Ask any one of my friends – I’m a worrier. Maybe it’s a direct result of growing up with ever-changing Ohio weather and heartbreaking Cleveland sports that I tend to assume the worst in any given situation.

As a direct result of being a worrier, trust in God is always something I’m working on and something people (ex: the priests in my life) are always telling me to do.

Seriously, one recent Friday evening at the parish, I was lamenting a rainy weather forecast while inquiring about a backup plan for an outdoor First Communion group photo when both my pastor and my DRE told me, “Trust in the Lord, it won’t rain tomorrow morning.” And guess what? They were right.

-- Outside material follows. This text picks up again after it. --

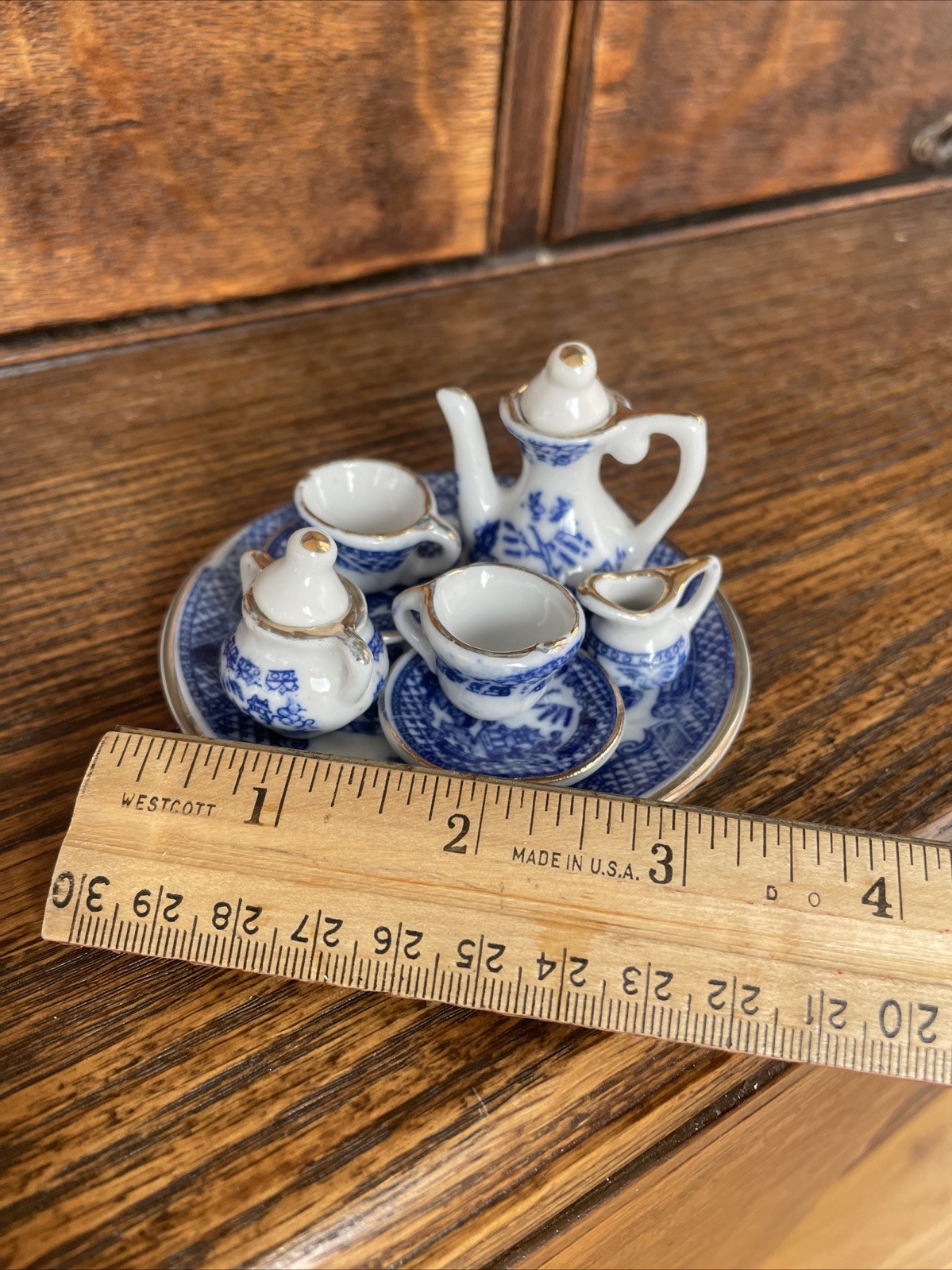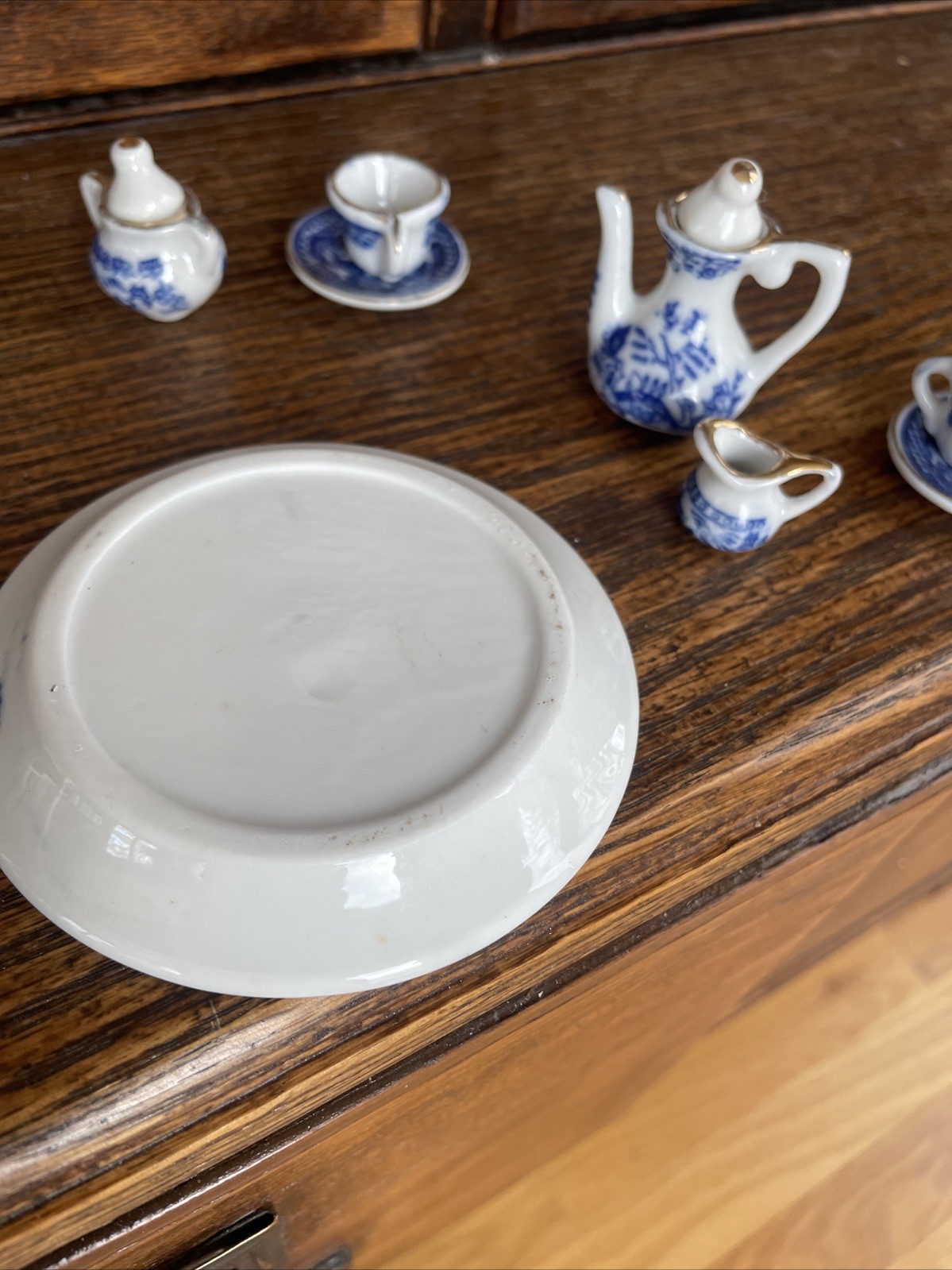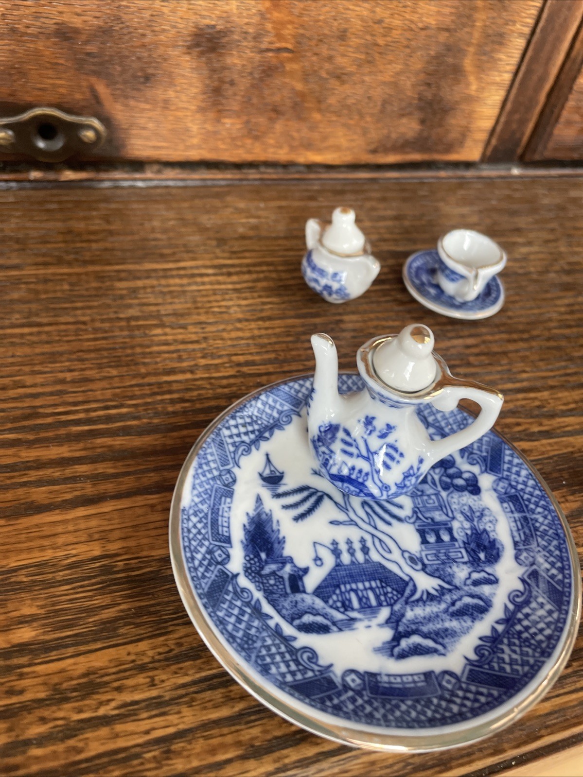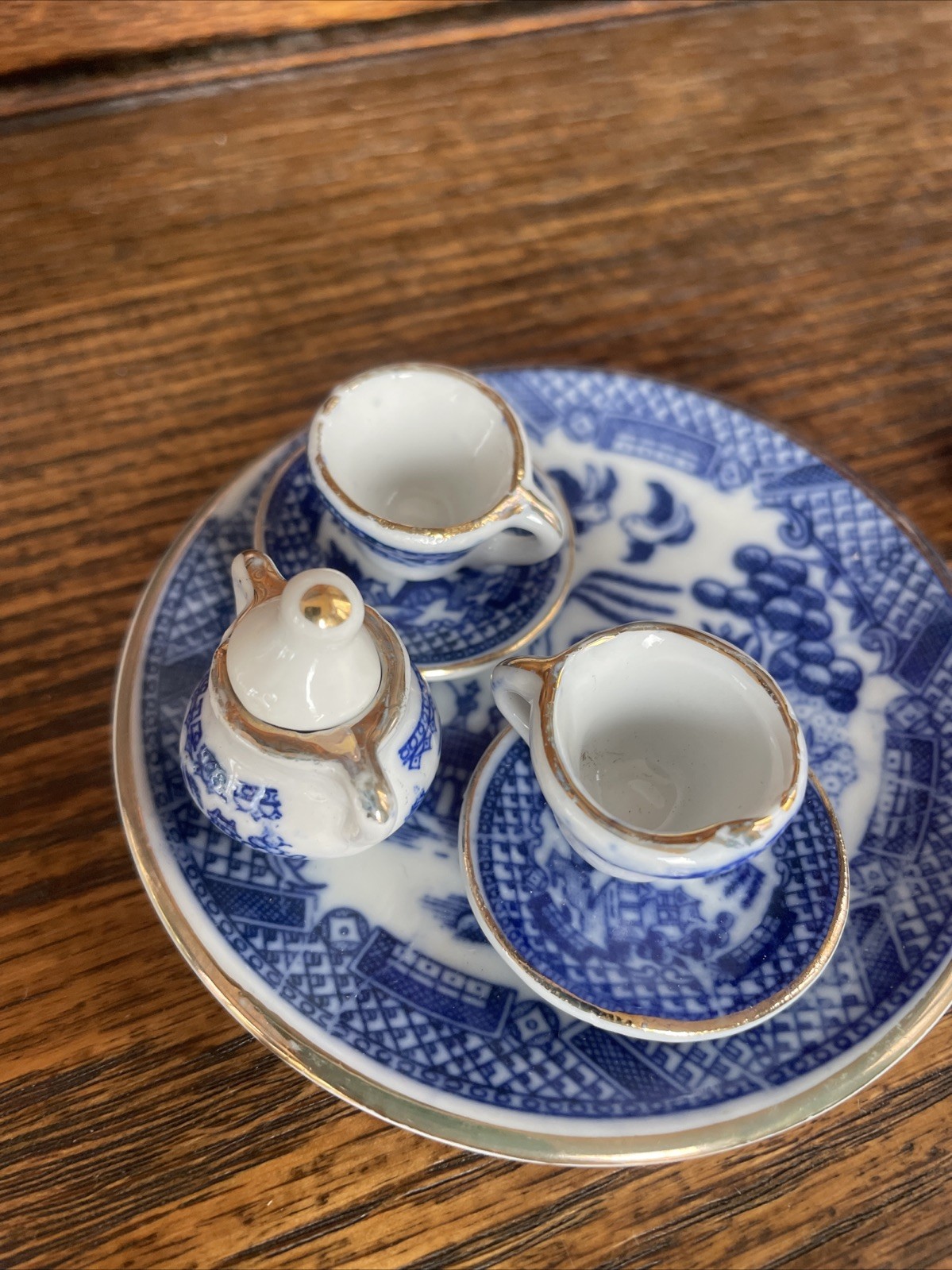 как выглядит Lot of 10 Miniature Blue Willow Tea Set Pieces Cup Saucer Teapot w/Lids фото
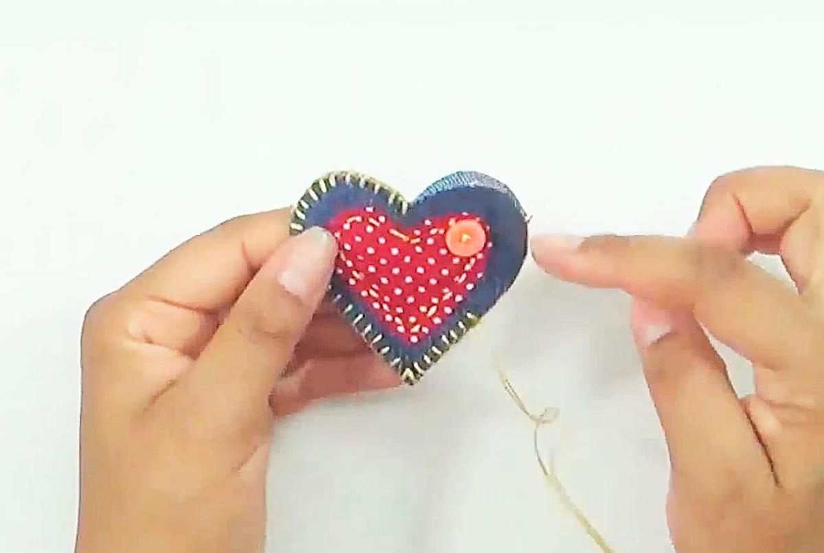 Coser el corazón pequeño sobre uno de los corazones de jeans, añadir la decoración que quieras, en mi caso añadí un botón, pero puedes poner un lazo, un corazón de fieltro, una flor, etc.

While it wasn’t exactly sunny, it did not rain on that beautiful, grace-filled morning.

Now, trusting in the Lord certainly applies in bigger situations than just a simple weather forecast (who can trust meteorologists anyways?), but since that one small instance, it’s been something particularly on my heart, in one way or another. Then I read this weekend’s Gospel passage and it all just hit me.

If we trust in the Lord, with Him working through us, we can do miraculous things. Peter calls out to Jesus who is walking on the water, Jesus tells him to come and so Peter walks on water too. It’s as simple as that.

One thing is key here, I believe – we must cry out to Jesus. Peter didn’t step out on the water on a whim, thinking he’d be able to walk over to Jesus. He called out to Jesus first and then trusted in Jesus’ answer, His command to “come.” And so Peter went – he succeeded in walking on water. I think we always forget about this part at the expense of what follows.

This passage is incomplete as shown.